HOW TO COMPLETE THIS TASK —
Each line starting at the one that contains "I Moncalvo så" and ending at the one that contains "Coatzacoalcos, Ver., 26" must be returned exactly, and the rest of the listing is left out.

DATA FOR ANALYSIS —
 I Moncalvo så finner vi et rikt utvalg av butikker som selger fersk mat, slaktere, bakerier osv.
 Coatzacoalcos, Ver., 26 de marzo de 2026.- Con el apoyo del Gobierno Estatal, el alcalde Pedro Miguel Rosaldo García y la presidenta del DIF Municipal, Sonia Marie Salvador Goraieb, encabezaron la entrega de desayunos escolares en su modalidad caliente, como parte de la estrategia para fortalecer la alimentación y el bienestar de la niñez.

* * *

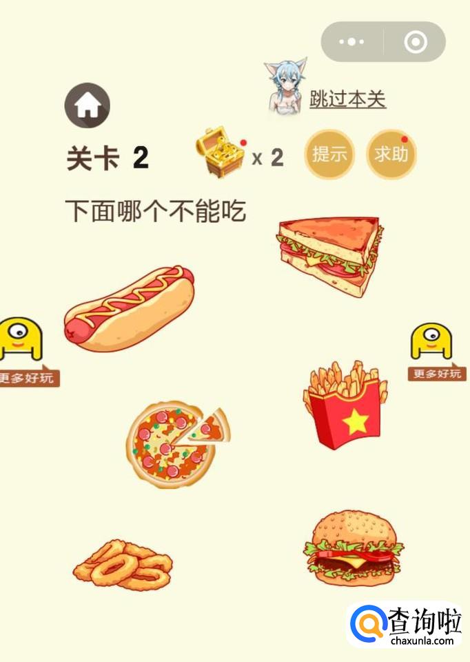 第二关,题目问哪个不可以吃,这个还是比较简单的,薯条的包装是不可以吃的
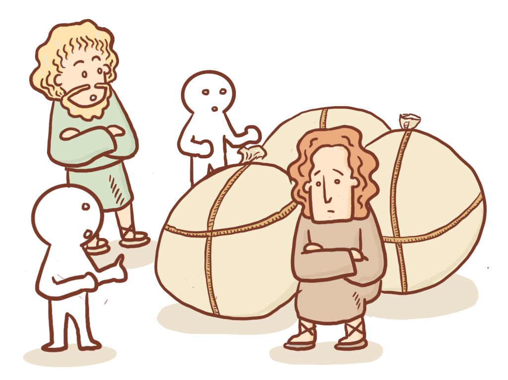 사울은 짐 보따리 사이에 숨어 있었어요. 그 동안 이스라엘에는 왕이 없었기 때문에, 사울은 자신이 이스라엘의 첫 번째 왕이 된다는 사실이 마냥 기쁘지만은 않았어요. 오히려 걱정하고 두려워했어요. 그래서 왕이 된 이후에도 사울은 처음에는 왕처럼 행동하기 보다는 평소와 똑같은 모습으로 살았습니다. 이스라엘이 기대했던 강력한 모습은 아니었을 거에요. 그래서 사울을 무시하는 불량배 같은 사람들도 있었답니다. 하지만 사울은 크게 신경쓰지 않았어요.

RESPONSE AREA —
 I Moncalvo så finner vi et rikt utvalg av butikker som selger fersk mat, slaktere, bakerier osv.
 Coatzacoalcos, Ver., 26 de marzo de 2026.- Con el apoyo del Gobierno Estatal, el alcalde Pedro Miguel Rosaldo García y la presidenta del DIF Municipal, Sonia Marie Salvador Goraieb, encabezaron la entrega de desayunos escolares en su modalidad caliente, como parte de la estrategia para fortalecer la alimentación y el bienestar de la niñez.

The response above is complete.